Any time you see a conservative non-lawyer blogger write something about Ohio law, you’re safer to assume the opposite is true.
Today, the Carpetblogger claimed that an entire joke of an Ohio Elections Commission complaint filed by the Summit and Franklin County GOP alleging that the Cordray campaign violated Ohio’s “excess funds” law.
In other news, Ohio has a likely unconstitutional law that limits the ability of political campaigns to retain its own donations.
According to the Columbus Dispatch, before Cordray filed for re-election, Cordray’s campaign donated money to the Franklin County Democratic Party, the Summit County Democratic Party, and the Ohio Democratic Party. In each instance, the donations were not made the those political organizations’ statewide candidate funds. Later, each of those organizations made sizeable but less than Cordray’s donations to Cordray’s campaign from their statewide candidates’ funds. Ohio law forbids the transfer of money from other funds into the state candidates funds. And I have confirmed from reliable sources that there is no evidence that the county parties or the Ohio Democratic Party engaged in any such illegal transfer from one fund to their state candidates’ funds.
So already, on its face, it’s hard to see how it’s possible that Cordray’s donations were “laundered” back to his campaign as the source of each transfer were separate and independent.
And Ohio Citizen Action looked at the same situation back a few weeks ago and concluded there was no violation of Ohio’s laws.
Keeling suggests that R.C. 317.109(D) suggests that Cordray could be thrown off the ballot for violating Ohio’s “excess funds” campaign finance law. Perhaps he should have started with R.C. 3517.109(B) first! (Since it comes earlier in the alphabet and all.)
(B) Each candidate who files for state office, not later than the filing date for that office, shall dispose of any excess funds. Each covered candidate who files for state office, not later than the filing date for that office, shall dispose of any excess aggregate contributions. (emphasis added.)
So, the “excess funds” statute only applies to candidates after they file and only if they retain money after they file beyond the limits permitted in the statute, which for statewide candidates like Cordray can only keep $200,000 plus what the statute calls the “allowable aggregate contribution” of each contributor as defined elsewhere in the statute. Any such access funds they retain after the candidate files must either be donated to the State, to charity, or back to the donors.
The problem?

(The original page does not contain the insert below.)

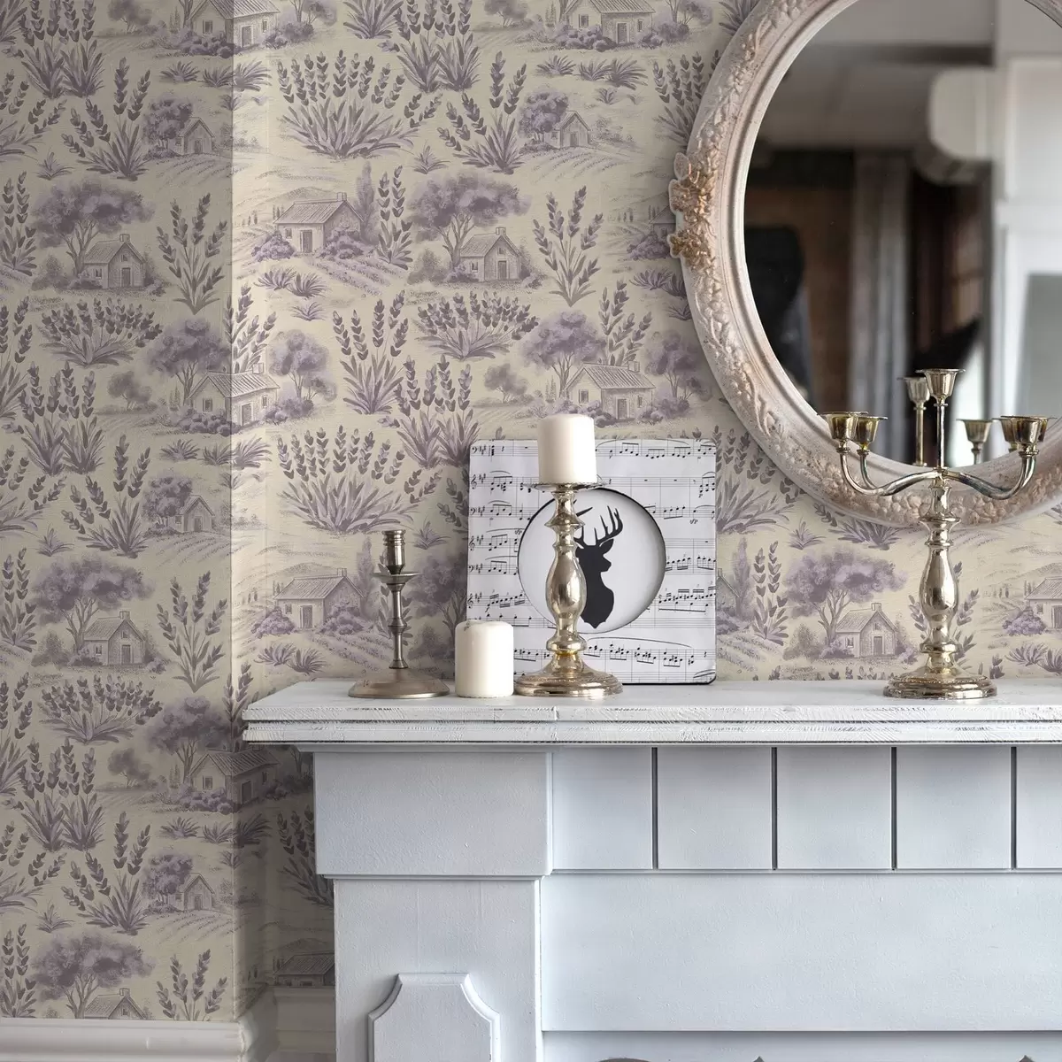 Tapeta Поља лаванде и куће у пастелним тоновима бр. a00765

The donations at issue were made before Cordray filed. The “excess funds” statute that Keeling and the GOP County Party Chairman alleged Cordray violated…. doesn’t even apply to what Cordray’s campaign did.
First rule of law, when filing a complaint that alleges a violation of law… make sure the law even applies.
Nine days ago, the Carpetblogger also falsely suggested that Cordray himself accused then AG Betty Montgomery of a similar situation. Except Ohio’s ridiculous “excess funds” laws didn’t even exist in 1998! What Corday accused Montgomery of doing was making an improper in-kind donation to Joe Deters by giving the Ohio GOP her bought television time which the ORP, in turn, used for Deters. A totally different allegation, which had the Carpetblogger actually read the news story he embedded in his own post, he would have realized.
Also, I pretty sure that Cordray lost the Ohio Elections Commission complaint he filed against Montgomery. Funny how that tends to be overlooked as well.
The Cordray campaign is probably just happy to have the opportunity to have something cut through the overshadowing gubernatorial and senate elections:
“This is a bogus complaint that is completely without merit. The campaign has carefully and fully complied with all campaign finance laws. Political parties are known for engaging in stunts like this when their candidates are having serious trouble raising money. The bottom line is that Republicans are throwing mud to distract away from their own failure to raise funds in this race, plain and simple,” said Cordray campaign spokesman Adam Herman in a statement provided to Plunderbund.
For far too long, a large segment of political consultants have subscribed to a theory that any Ohio Elections Commission complaint, no matter how frivolous, is worth filing simply for the news filing it generates. And it only exists because the media refuses to show restraint in providing breathless coverage.
But in this instance, we already had a story from the Dayton Daily News in which the allegations were evaluated, and the experts concluded that there was no violation of law. And yet, the GOP filed their frivolous complaint anyways, and the media reports it without reference to the prior reporting showing that, on its legal merits, the complaint is baseless.
Jon Keeling is an out-of-state hack who doesn’t know Ohio’s election laws and clearly hasn’t read them. So why trust him when he writes something as stupid as suggesting that Cordray could be removed from the ballot?
I’ll tell you one thing. It says a great deal about how phony this so-called GOP “wave” is in Ohio if Republicans only hope at winning the Attorney General’s race is a frivolous elections complaint to try to take Rich Cordray off the ballot.